The Pearson product-moment correlation (often called Pearson’s *r*, among others) is a parametric test which measures the *linear* relationship between two variables. In brief, Pearson’s correlation virtually draws a line through the data points trying to make the best fit line; the coefficient tells you how well the data are “dispatched” relative to that line.

This test comes with assumptions, and one must check that everything is OK before going further:

- this is a parametric test, samples/variables must be normally distributed (run the Shapiro-Wilk test),
- the variables are continuous,
- the variables work in pairs,
- outliers are not allowed,
- the variances of these variables are “relatively” similar (Run Fisher’s
*F*-test).

Let’s see this with an example. Here, we consider the weight and height of 16 individuals. Both weight and height are continuous variables, arranged in pairs ( 1 weight entry and 1 height entry per individual).

We need to check that both variables are normally distributed:

weight<-c(84,64,73,78,70,79,74,68,73,63,62,69,54,64,66,70) height<-c(183,174,179,174,164,184,179,154,167,170,168,164,166,163,154,174) par(mfrow=c(1,2)) hist(weight, col="red", prob=TRUE) hist(height, col="green", prob=TRUE) shapiro.test(weight) shapiro.test(height)

As you may see with the histograms and using the Shapiro-Wilk test, both sets are normally distributed. Let’s draw the boxplots and check for similar variance:

par(mfrow=c(1,2)) boxplot(weight, main="weight") boxplot(height, main="height") var.test(weight,height)

Variances are apparently not significantly different according to Fisher’s *F* test, and no outlier seems to show up on the boxplots. We can proceed…

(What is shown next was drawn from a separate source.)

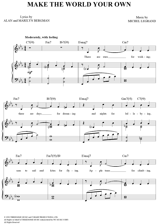 Digital Sheet Music for Make the World Your Own by Michel LeGrand, Alan Bergman, Marilyn Bergman, Tony Bennett scored for Piano/Vocal/Chords; id:120294

We may now vizualise these 2 variables in a scatter plot where we add a line of best fit:

plot(weight~height) abline(lm(weight~height))

Now that the assumptions are checked and that we have a quick idea of the linear relationship, let’s check Pearson’s product-moment correlation. The function is `cor.test()`

. Note that the function is the same as for Spearman’s *rho *and Kendall’s* tau. *The extra parameter `method=" "`

defines which correlation coefficient is to be considered in the test (choose between `"pearson"`

, `"spearman"`

and `"kendall"`

; if the parameter `method`

is omitted, the default test will be Pearson’s *r*).

In this test, the null hypothesis H_{0} states that there is no relationship between the variables.

cor.test(height, weight, method="pearson")

The test concludes that it is very unlikely that there exists no relationship between the variables (p-value under 0.05). The alternative hypothesis (there is a relationship…) is thus accepted.